Justice KOURLIS dissents, Chief Justice MULLARKEY and Justice HOBBS join in the dissent.

. The classification of "all other agricultural property” is used to describe all agriculture-related property which does not meet the statutory definition of agricultural land. See § 39-1-102(1.6)(b), 11 C.R.S. (2002).

. A retail center which occupies less than an acre of land was classified by the assessor as commercial property. The BAA affirmed this classification and the parties did not raise this issue on appeal.
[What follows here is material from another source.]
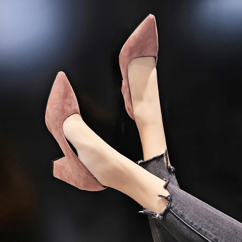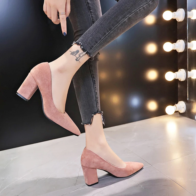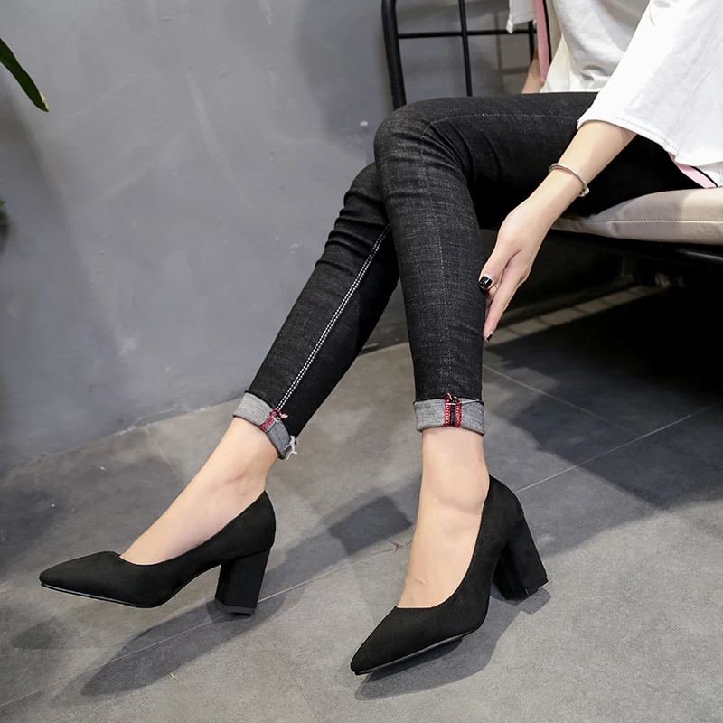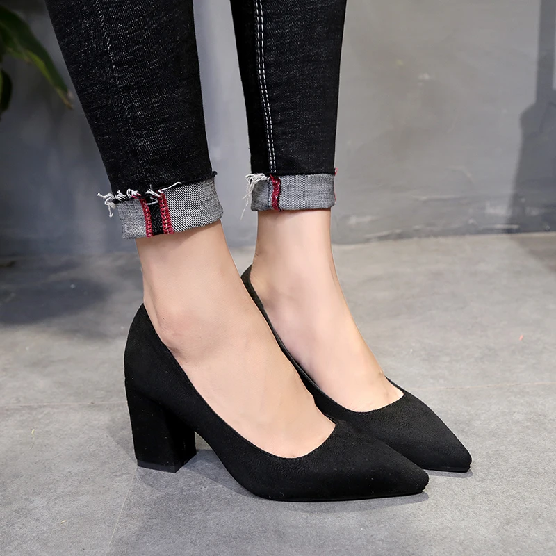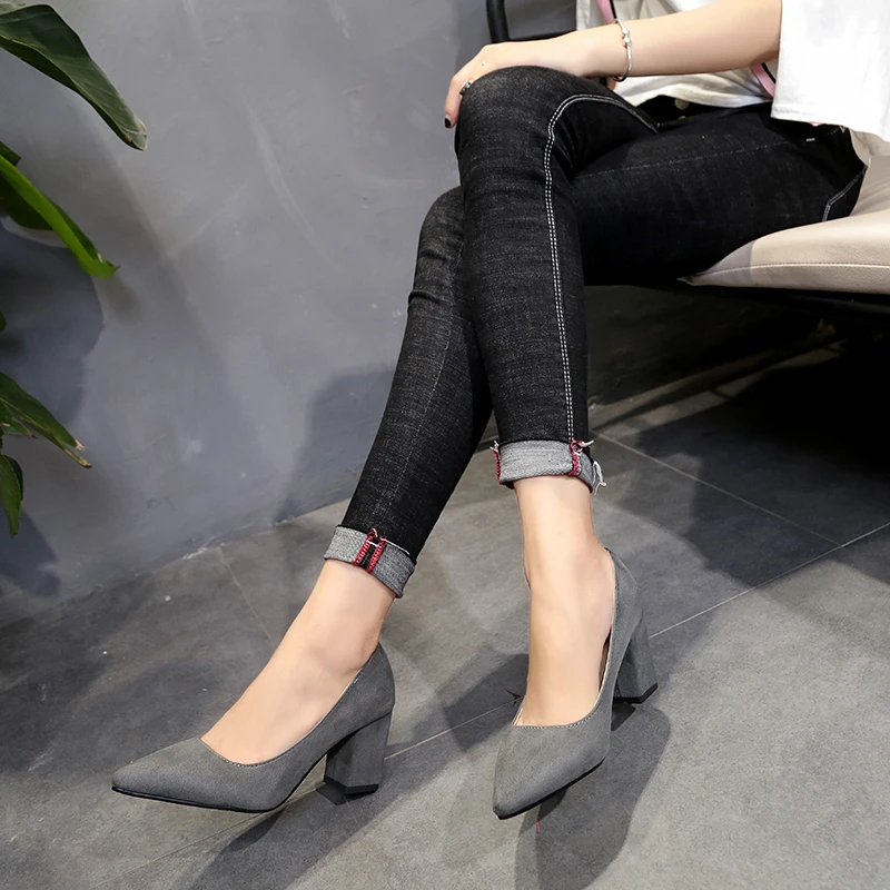 Aphixta Shoes Square Heel Women Pointed Toe Pumps Fashion Gray High Heels Flock Leather Black Party Shoes Plus Big size 47 48 50
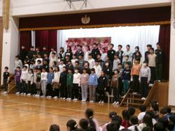 校長の佐藤です。毎年この行事があると、今年度ももうここまできたのかと思います。今日は5校時に6年生を送る会を行いました。各学年で歌を歌ったり、メッセージを伝えたり、大繩とび対決をしたり。それぞれの形で6年生に感謝の気持ちを伝えました。6年生からはそれぞれの学年に歌と言葉で「ありがとう」を伝えてくれました。そして最後に6年生から5年生に校旗、国旗、区旗が渡されました。これからは現5年生が学校の代表として、毎朝旗を揚げることになります。ところで、毎年この行事では「ありがとう」という言葉がたくさん聞かれます。「ありがとう」はいくらたくさんあってもとてもいい言葉ですね。たくさんの「ありがとう」が聞かれて、とてもほっこりとしたよい時間を過ごしました。

. There is some confusion regarding the scope of the court of appeals’ opinion. The court of appeals reversed the BAA’s order only with regard to the specific issue that was appealed, namely, whether Petitioner's greenhouse land qualified as agricultural land. The court’s opinion did not disturb the other findings and conclusions of the BAA. Specifically, the BAA classified a fifteen-acre parcel which is actively farmed by a third party lessee of Petitioner, and a three-acre test field which is operated by Petitioner, as agricultural land. The BAA also adopted the cost approach to value the improvements on the land. These conclusions, Adams County concedes, *995were not disturbed by the court of appeals’ opinion.

. Frank Miles, a representative of the citizen’s committee which assisted in drafting the legislation, testified before the Senate Finance Committee that the phrase "subject to the elements of nature” was intended to exclude a greenhouse or similar operation from being classified as a farm. Hearing on S.B. 6 Before the Senate Finance Comm., 54th Gen. Assemb., 1st Reg. Sess. (Feb. 10, 1983).

. This amendment was the second one proposed to address the greenhouse issue. Earlier, Senator Stewart proposed an amendment which would have re-inserted the original definition of a "farm” to include only those properties which are "subject to the elements of the natural climate.” Debate on S.B. 6 before the Senate, 54th Gen. Assemb., 1st Reg. Sess. (Mar. 25, 1983) (statement of Sen. Stewart). He stated that one of the purposes of the amendment was to exclude greenhouses from being classified as a farm. Id. The amendment was defeated on a voice vote.

. Notably, the members first suggested that the phrase read "originate from land’s productivity.” Hearing on S.B. 6 Before the Conference Comm., 54th Gen. Assemb., 1st Reg. Sess. (May 17, 1983). To make clear that the product must be tied specifically to the parcel of land being valued, the members changed the requirement to "originate from the land's productivity.” Id. (emphasis added).

. Senator Beatty and Senator Powers, the two members of the committee who favored a broad definition of a farm, voted against the addition of the phrase "originate from the land’s productivity.” Once the phrase was added, however, the two men voted to report the bill to both houses.

. Initially, we note that of the many sources we may consult to discern legislative intent, reliance on legislative inaction is particularly risky. The reasons for enacting, or not enacting, legislation are too numerous to tally. This case is unlike previous situations in which we have held that the absence of legislative amendment may be evidence of intent. Where this court has provided an interpretation of a statute and the General Assembly subsequently amends the statute without changing the previously construed portion, we presume that the legislature agrees with the interpretation provided by this court. See People v. Swain, 959 P.2d 426, 430-431 (Colo.1998) ("[T]he legislature is presumed, by virtue of its action in amending a previously construed statute without changing the portion that was construed, to have accepted and ratified the prior judicial construction.”). Here, this court has never interpreted the meaning of a '‘farm” in this context and the legislature has not amended the definition since its enactment in 1983.

. While the court did not discuss the specific factors which led to this conclusion, we note that *999the Morning Fresh egg production facility was a small part of a larger agricultural operation and a portion of the feed for the hens was grown on the farm.

. Like Morning Fresh Farms, to the extent any of the Del Mesa Farms cases can be read to stand for the proposition that a building, without more, provides sufficient connection to meet the requirement that the product “originate from the land’s productivity,” we decline to follow them.